In an accusatory Information, dated 22 July 1996, petitioner, City


Health Officer Rico Jacutin of Cagayan de Oro City, was charged
before the Sandiganbayan, Fourth Division, with the crime of Sexual
Harassment, thusly:

“That sometime on or about 01 December 1995, in Cagayan de Oro City,


and within the jurisdiction of this Honorable Court pursuant to the
provisions of RA 7975, the accused, a public officer, being then the City
Health Officer of Cagayan de Oro City with salary grade 26 but a high
ranking official by express provision of RA 7975, committing the offense in
relation to his official functions and taking advantage of his position, did
there and then, willfully, unlawfully and criminally, demand, solicit, request
sexual favors from Ms. Juliet Q. Yee, a young 22 year-old woman, single
and fresh graduate in Bachelor of Science in Nursing who was seeking
employment in the office of the accused, namely: by demanding from Ms.
Yee that she should, expose her body and allow her private parts to be
mashed and stimulated by the accused, which sexual favor was made as a
condition for the employment of Ms. Yee in the Family Program of the
1
Office of the accused, thus constituting sexual harassment.”
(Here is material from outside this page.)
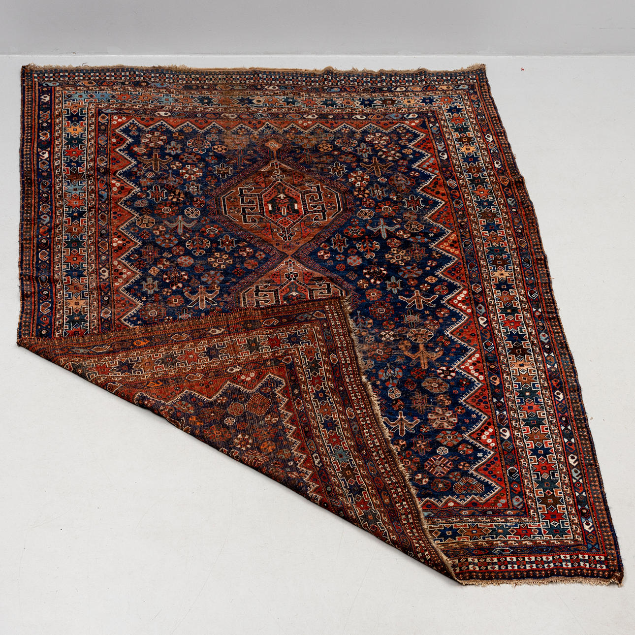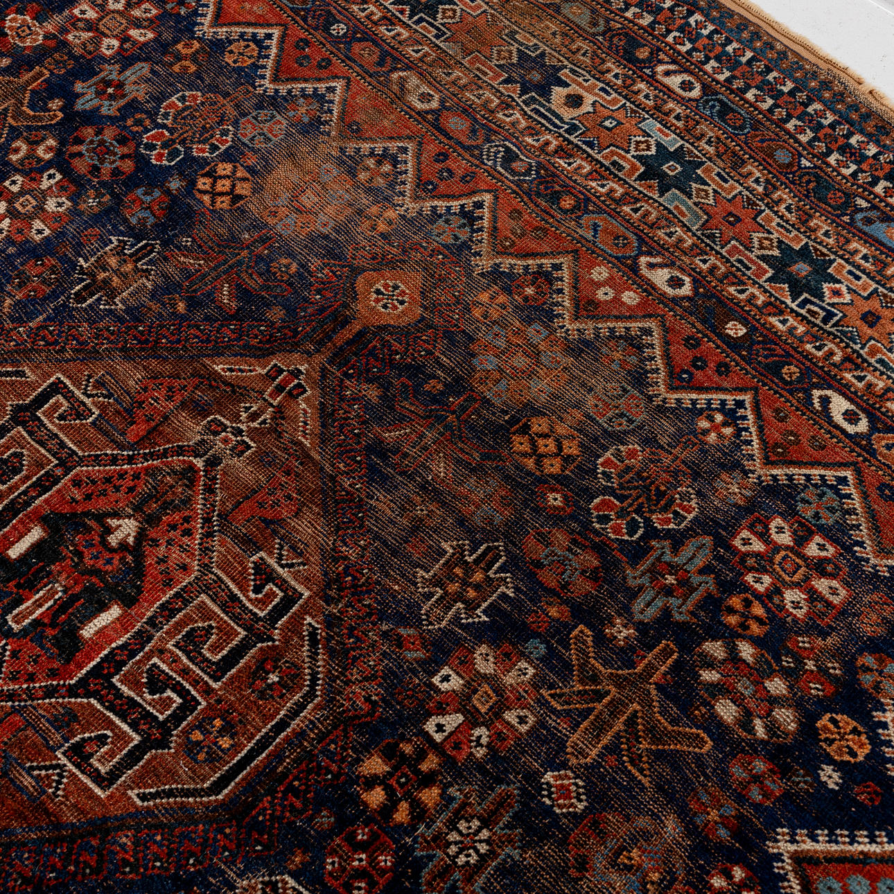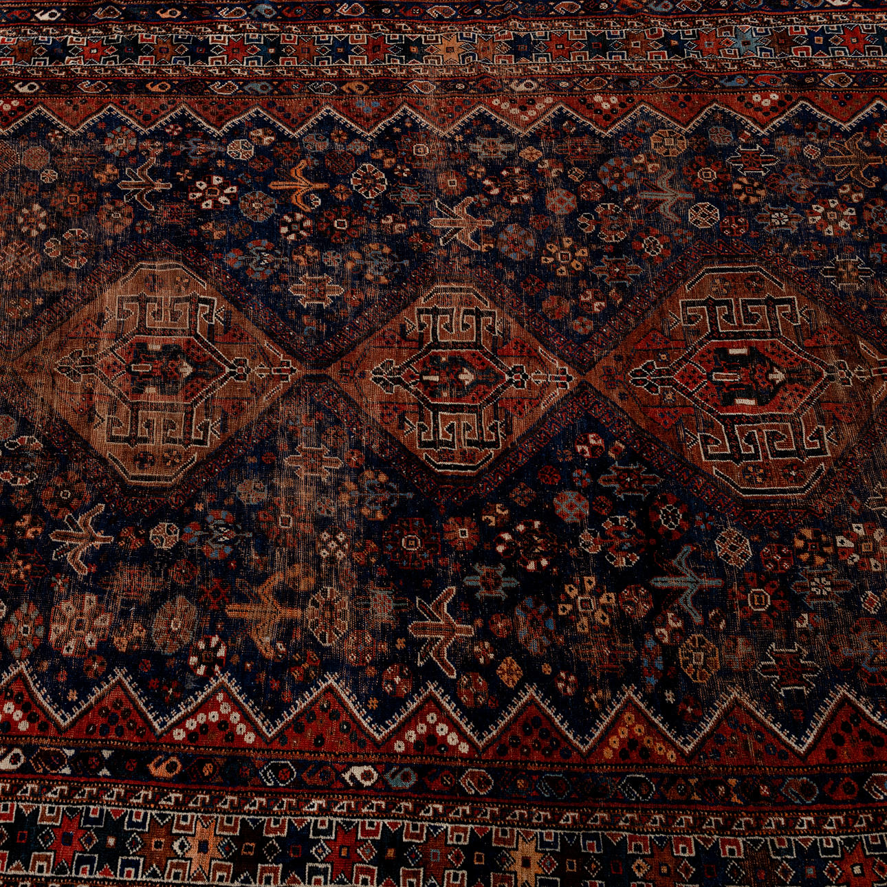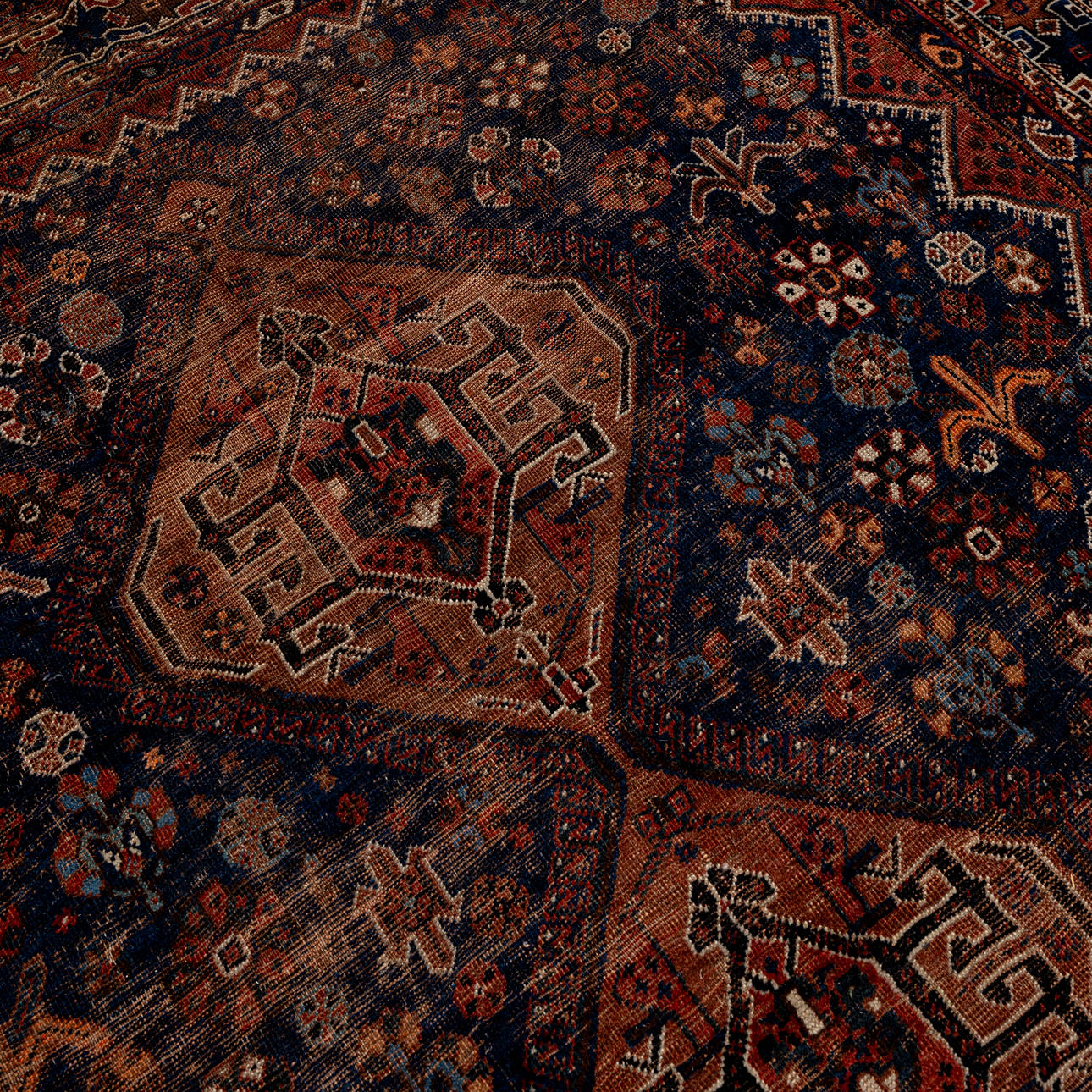 Dark blue base with polychrome stylized floral, star-shaped and boteh pattern, 3 medallions, approx. 311x228 cm.

Upon his arraignment, petitioner pled not guilty to the offense


charged; hence, trial proceeded.
Juliet Q. Yee, then a 22-year old fresh graduate of nursing,
averred that on 28 November 1995 her father accompanied her to
the office of petitioner at the City Health Office to seek employment.
Juliet’s father and petitioner were childhood friends. Juliet was
informed by the doctor that the City Health Office had just then
filled up the vacant positions for nurses but that he would still see if
he might be able to help her.
The following day, 29 November 1995, Juliet and her father
returned to the City Health Office, and they were informed by
petitioner that a medical group from Texas, U.S.A., was coming to
town in December to look into putting up a clinic in Lapasan,
Cagayan de Oro, where she might be considered. On 01 December
1995, around nine o’clock in the morning, she and her father went
back to the office of petitioner. The latter informed her that there

______________

1 Rollo, p. 194.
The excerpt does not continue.